Using YARP as a split testing tool

This post assumes you have some knowledge or experience with YARP

There are many ways, and many tools for testing changes to website. These can range from per-page frontend tooling (think Optimizely, or the sunsetting Google Optimize), or perhaps you hard code elements in your backend pages using something like Scientist. Running tests themselves classically is done at the page/URL level, or perhaps a component on the page.

What if you have developed an entirely new website, what are you options for launching? Do you go big bang and hope and pray your user studies are correct and it won't entirely tank your engagement or conversion rate? What happens if Google sees those pages and you take a negative hit in SERPS?

An approach to this challenge could be to release a new version of your website to a specific audience or a specific % of that audience. But to do that at the website level generally means you need to re-think the front-door, and this is where a proxy is a good fit.

Leveraging a proxy, beyond the classical benefits of defining security boundaries, or amalgamating various backend services into a single point of presence, a proxy could also have the capabilities to split traffic between distinct versions of your website.

If you're in the .NET space like me, you have a couple of options - perhaps IIS' Application Request Routing (ARR) feature paired with some server farms, or there is another candidate in the mix, and that is Yet Another Reverse Proxy (YARP).

The Test Scenario

A customer as a legacy website, that has reached the limits of the technology and has invested in a new website, perhaps on a completely different technology stack. In my example, a customer with a legacy .NET website built on a custom CMS, has invested in a new Gatsby-powered statically-built website.

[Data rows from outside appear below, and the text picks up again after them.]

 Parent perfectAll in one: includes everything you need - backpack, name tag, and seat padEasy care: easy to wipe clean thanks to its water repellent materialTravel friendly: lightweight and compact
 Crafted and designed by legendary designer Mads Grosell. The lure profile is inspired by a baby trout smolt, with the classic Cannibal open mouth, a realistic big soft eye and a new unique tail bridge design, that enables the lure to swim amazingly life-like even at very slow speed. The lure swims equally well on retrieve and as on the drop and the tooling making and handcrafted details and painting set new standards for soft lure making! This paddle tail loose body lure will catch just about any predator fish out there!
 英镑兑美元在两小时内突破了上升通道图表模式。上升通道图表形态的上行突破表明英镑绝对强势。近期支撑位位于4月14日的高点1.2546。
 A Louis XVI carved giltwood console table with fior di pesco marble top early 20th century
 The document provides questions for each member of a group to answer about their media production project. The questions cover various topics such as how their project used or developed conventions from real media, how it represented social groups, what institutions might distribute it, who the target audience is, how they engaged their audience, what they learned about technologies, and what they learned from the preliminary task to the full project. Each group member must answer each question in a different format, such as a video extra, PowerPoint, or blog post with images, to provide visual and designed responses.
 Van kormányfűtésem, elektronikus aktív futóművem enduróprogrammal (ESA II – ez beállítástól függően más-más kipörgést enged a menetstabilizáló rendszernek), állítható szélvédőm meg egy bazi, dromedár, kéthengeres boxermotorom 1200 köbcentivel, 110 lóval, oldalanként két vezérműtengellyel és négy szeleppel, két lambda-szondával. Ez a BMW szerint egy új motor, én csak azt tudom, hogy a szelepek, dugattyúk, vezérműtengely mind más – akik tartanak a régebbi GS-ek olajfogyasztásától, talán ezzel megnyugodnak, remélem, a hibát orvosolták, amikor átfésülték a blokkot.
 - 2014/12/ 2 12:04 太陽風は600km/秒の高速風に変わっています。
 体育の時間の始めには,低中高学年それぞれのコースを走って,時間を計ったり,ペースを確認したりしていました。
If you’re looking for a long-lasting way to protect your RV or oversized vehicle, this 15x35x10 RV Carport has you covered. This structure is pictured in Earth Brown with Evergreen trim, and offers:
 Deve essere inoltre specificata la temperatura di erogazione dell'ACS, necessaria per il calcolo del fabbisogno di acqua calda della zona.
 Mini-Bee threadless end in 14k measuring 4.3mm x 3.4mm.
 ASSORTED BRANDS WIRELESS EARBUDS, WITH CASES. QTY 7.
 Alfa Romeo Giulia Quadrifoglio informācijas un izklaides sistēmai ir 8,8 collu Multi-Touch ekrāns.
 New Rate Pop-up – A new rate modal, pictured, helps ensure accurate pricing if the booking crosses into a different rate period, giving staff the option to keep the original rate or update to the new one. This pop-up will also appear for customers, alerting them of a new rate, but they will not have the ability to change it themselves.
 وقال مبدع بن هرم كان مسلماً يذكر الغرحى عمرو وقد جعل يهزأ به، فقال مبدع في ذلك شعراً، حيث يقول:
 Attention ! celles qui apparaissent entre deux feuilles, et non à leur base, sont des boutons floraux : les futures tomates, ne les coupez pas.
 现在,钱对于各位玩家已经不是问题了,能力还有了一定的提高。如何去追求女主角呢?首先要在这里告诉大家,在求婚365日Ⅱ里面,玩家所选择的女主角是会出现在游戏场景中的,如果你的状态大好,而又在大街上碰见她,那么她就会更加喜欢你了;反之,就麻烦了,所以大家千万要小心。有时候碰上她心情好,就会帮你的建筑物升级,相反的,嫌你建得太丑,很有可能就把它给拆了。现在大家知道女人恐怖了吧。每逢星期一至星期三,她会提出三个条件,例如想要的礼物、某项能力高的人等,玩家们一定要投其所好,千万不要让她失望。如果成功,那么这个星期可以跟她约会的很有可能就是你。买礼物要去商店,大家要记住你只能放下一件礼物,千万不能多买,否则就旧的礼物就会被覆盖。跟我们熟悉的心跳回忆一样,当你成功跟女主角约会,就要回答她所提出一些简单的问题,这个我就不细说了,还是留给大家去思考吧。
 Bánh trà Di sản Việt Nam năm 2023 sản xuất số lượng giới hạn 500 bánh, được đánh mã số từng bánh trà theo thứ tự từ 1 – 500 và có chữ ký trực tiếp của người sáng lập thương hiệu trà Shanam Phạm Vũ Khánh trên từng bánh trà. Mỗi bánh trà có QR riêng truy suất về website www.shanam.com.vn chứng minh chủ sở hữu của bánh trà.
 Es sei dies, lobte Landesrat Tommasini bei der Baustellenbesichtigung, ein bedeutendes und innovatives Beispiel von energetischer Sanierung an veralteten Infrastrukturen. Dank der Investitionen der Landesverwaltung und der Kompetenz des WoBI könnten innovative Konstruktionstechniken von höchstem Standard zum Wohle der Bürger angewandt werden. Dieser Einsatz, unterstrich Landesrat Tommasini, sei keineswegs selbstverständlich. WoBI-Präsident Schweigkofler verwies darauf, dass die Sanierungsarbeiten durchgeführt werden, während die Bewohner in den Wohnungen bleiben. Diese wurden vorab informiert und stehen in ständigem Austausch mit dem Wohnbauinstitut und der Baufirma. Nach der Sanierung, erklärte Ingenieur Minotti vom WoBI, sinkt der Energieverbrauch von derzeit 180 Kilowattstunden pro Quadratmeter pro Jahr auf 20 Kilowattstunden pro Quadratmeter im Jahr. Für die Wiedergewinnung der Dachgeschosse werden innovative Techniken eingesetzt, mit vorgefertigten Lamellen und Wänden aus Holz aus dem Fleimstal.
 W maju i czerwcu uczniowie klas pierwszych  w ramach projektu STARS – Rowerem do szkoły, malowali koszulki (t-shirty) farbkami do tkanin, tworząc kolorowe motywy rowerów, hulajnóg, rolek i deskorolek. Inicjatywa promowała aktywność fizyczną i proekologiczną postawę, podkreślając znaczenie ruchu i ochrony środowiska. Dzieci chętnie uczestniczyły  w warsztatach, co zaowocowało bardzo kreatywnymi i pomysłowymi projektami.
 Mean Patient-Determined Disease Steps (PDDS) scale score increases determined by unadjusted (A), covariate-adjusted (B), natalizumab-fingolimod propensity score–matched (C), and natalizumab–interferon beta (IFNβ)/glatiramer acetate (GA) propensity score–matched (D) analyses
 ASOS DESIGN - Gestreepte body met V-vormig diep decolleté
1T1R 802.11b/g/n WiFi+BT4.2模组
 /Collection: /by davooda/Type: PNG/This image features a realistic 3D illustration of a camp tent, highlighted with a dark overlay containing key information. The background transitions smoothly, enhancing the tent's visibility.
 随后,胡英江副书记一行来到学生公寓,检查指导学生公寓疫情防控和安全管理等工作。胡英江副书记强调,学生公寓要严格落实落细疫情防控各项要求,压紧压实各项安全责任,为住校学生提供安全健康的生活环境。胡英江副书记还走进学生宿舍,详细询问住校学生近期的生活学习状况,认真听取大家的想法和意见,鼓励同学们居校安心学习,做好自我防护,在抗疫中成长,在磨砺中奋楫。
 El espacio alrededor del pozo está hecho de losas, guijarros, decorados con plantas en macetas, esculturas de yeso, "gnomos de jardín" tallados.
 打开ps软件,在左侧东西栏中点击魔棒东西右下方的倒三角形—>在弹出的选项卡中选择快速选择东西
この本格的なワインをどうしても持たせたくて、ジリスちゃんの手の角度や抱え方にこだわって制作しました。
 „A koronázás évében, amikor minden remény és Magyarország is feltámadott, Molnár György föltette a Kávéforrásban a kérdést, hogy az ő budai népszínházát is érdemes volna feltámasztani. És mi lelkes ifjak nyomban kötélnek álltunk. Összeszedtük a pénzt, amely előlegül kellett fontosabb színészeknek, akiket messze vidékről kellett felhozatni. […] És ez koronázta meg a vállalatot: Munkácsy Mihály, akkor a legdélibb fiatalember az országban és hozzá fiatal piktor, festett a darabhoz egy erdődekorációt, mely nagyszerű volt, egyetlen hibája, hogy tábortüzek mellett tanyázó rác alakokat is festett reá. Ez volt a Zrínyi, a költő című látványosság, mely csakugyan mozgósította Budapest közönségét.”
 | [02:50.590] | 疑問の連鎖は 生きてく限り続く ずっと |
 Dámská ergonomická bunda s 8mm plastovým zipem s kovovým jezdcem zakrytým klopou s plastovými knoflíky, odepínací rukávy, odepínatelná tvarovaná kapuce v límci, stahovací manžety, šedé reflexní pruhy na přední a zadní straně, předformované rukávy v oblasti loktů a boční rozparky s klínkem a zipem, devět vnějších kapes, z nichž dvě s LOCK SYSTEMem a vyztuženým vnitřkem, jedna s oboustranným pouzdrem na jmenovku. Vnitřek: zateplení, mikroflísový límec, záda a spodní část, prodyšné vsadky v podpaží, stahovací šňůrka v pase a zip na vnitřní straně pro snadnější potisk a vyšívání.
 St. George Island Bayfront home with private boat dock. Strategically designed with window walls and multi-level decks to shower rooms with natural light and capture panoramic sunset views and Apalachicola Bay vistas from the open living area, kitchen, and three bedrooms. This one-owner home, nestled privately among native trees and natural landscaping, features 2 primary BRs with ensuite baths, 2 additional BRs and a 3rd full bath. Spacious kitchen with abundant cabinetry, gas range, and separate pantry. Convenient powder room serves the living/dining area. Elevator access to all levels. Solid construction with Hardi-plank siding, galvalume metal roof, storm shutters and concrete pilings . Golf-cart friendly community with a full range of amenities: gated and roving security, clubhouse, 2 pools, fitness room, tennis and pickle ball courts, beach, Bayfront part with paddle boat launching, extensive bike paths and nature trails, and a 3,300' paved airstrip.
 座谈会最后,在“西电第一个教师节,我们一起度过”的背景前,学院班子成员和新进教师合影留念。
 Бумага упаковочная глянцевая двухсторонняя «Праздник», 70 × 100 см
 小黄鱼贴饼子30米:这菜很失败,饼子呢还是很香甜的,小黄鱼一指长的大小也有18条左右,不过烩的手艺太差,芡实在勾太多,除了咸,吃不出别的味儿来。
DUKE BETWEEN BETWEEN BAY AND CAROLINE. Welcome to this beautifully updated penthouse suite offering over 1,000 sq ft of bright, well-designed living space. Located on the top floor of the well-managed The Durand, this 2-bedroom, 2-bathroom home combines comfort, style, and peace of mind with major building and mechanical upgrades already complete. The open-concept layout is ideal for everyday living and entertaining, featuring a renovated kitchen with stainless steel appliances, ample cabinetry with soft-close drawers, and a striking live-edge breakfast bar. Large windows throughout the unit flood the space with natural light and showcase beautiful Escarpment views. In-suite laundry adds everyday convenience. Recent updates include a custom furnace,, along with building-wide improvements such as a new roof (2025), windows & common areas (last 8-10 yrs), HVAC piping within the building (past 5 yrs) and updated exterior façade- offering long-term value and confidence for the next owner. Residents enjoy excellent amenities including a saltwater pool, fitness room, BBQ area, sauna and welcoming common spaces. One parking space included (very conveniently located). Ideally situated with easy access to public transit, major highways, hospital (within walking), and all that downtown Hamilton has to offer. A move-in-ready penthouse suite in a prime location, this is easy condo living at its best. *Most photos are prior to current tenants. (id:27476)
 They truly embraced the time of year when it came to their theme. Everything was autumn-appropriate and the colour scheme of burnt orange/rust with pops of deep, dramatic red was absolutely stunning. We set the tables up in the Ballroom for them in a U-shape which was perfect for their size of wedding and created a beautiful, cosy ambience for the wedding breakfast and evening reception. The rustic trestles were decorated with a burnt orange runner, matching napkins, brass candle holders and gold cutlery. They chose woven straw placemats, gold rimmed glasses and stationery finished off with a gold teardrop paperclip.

The new website is completely different, the HTML is different, the content, meta tags, usability, etc. have all been changed, refined (hopefully), but the customer naturally has concerns about doing a big-bang changeover.

YARP Configuration

So, before we begin, we need to define two different clusters representing our two websites (note - in our tests, our legacy website is known as baseline and the new website is known as candidate):

{
  "ReverseProxy": {
    "Clusters": {
      "baseline": {
        "Destinations": {
          "baseline-http": {
            "Address": "https://<baseline-url>"
          }
        }
      },
      "candidate": {
        "Destinations": {
          "candidate-http": {
            "Address": "https://<candidate-url>"
          }
        }
      }
    }
  }
}

Cluster configuration for YARP

Now we've defined our two clusters, we need to handle routing. Because this is a complete website split test, we need just a single catch-all route.

{
  "ReverseProxy": {
    "Routes": {
      "root": {
        "ClusterId": "baseline",
        "Match": {
          "Path": "{**catch-all}"
        }
      }
    }
  }
}

Route configuration for YARP

It would be possible I believe with some tweaking, to handle this at the route-level, to give your more granularity for running tests against different sections of the website too.

Test Configuration

OK, now we're going to jump into code and start defining some test configuration classes, these will utilize the Options library so we can hydrate these from any configuration source.

public class TestOptions
{
  public string CookieName { get; set; }
  public string CookieDomain { get; set; }
  public TestBaselineOptions Baseline { get; set; }
  public TestCandidateOptions Candidate { get; set; }
}

public class TestBaselineOptions
{
  public string ClusterId { get; set; }
  public string CookieValue { get; set; }
}

public class TestCandidateOptions : TestBaselineOptions
{
  public double Weighting { get; set; }
  public bool AllowBots { get; set; }
  public bool AllowChannels { get; set; }
}

Test options for controlling the test

These options allow us to configure our test scenario:

{
  "Test": {
    "CookieName": "website_ver",
    "CookieDomain": "www.mydomain.com",
    "Baseline": {
      "ClusterId": "baseline",
      "CookieValue": "v1"
    },
    "Candidate": {
      "ClusterId": "candidate",
      "CookieValue": "v2",
      "Weighting": 0.1,
      "AllowBots": false,
      "AllowChannels": false
    }
  }
}

Initial test configuration

Let's talk through these settings so get familiar with they all do:

Test:CookieName - this represents the name of a cookie used to control the traffic. Having a cookie means we do not need to remember state, we can simply forward the request to the right cluster. This also provides the ability to force a specific version of a test, which is great for debugging.
Test:CookieDomain: The domain property of our generated cookie. We specify this to limit the test to the right host. We don't want our test cookie potentially bleeding out into other subdomains.
Test:Baseline:ClusterId - The ID of the cluster representing our baseline - the legacy website.
Test:Baseline:CookieValue - We use v1 to represent the baseline for the cookie value, and also the query string parameter value (more on that later).
Test:Candidate:ClusterId - Same as Test:Baseline:ClusterId but for the candidate.
Test:Candidate:CookieValue - Same as Test:Baseline:CookieValue, but for the candidate, so v2.
Test:Candidate:Weighting - This is how we bucket between the two versions, expressed as a double between 0.0 and 1.0. In our example, our intial test is for 0.1 or 10% of our traffic.
Test:Candidate:AllowBots - We'll restrict search engine bots (like Googlebot), to the baseline for now.
Test:Candidate:AllowChannels - We'll restrict paid and social channels to the baseline for now too.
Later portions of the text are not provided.